In the following example, the primary partition pruning result is p0, and the subpartition pruning result is sp0, so the physical partition to access is p0sp0.
Notice
In this example, the physical partition identifier to access is p0sp0, which is not the name of a subpartition.
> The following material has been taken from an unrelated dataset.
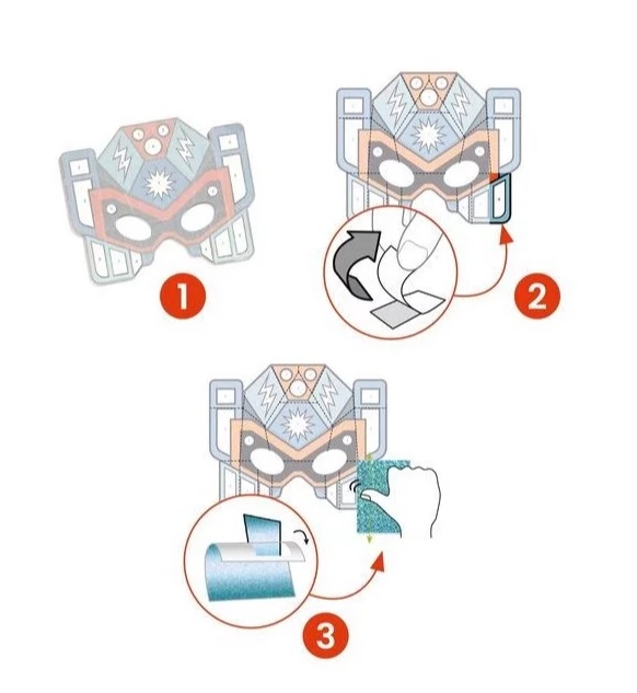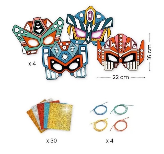 Grâce à ce coffret Do It Yourself de Djeco, décore 4 masques sur le thème des robots à l'aide de feuilles de métal de couleurs sur les zones adhésives prévues à cet effet.

For template-based subpartitioned tables, the naming convention for subpartitions is ($part_name)s($subpart_name), such as p0ssp0.
obclient> CREATE TABLE tbl2_rr(col1 INT,col2 INT)
PARTITION BY RANGE(col1)
SUBPARTITION BY RANGE(col2)
SUBPARTITION TEMPLATE
(SUBPARTITION sp0 VALUES LESS THAN(1000),
SUBPARTITION sp1 VALUES LESS THAN(2000)
)
(PARTITION p0 VALUES LESS THAN(100),
PARTITION p1 VALUES LESS THAN(200)
) ;
Query OK, 0 rows affected
obclient> EXPLAIN SELECT * FROM tbl2_rr
WHERE (col1 = 1 or col1 = 2) and (col2 > 101 and col2 < 150) \G
*************************** 1. row ***************************
Query Plan: ======================================
|ID|OPERATOR |NAME |EST. ROWS|COST|
--------------------------------------
|0 |TABLE SCAN|TBL2_RR|99 |53 |
======================================
Outputs & filters:
-------------------------------------
0 - output([TBL2_RR.COL1], [TBL2_RR.COL2]), filter(nil),
access([TBL2_RR.COL1], [TBL2_RR.COL2]), partitions(p0sp0)
1 row in set
In some scenarios, partition pruning may result in a certain level of amplification, but the optimizer ensures that the result is a superset of the data that needs to be accessed, without any data loss.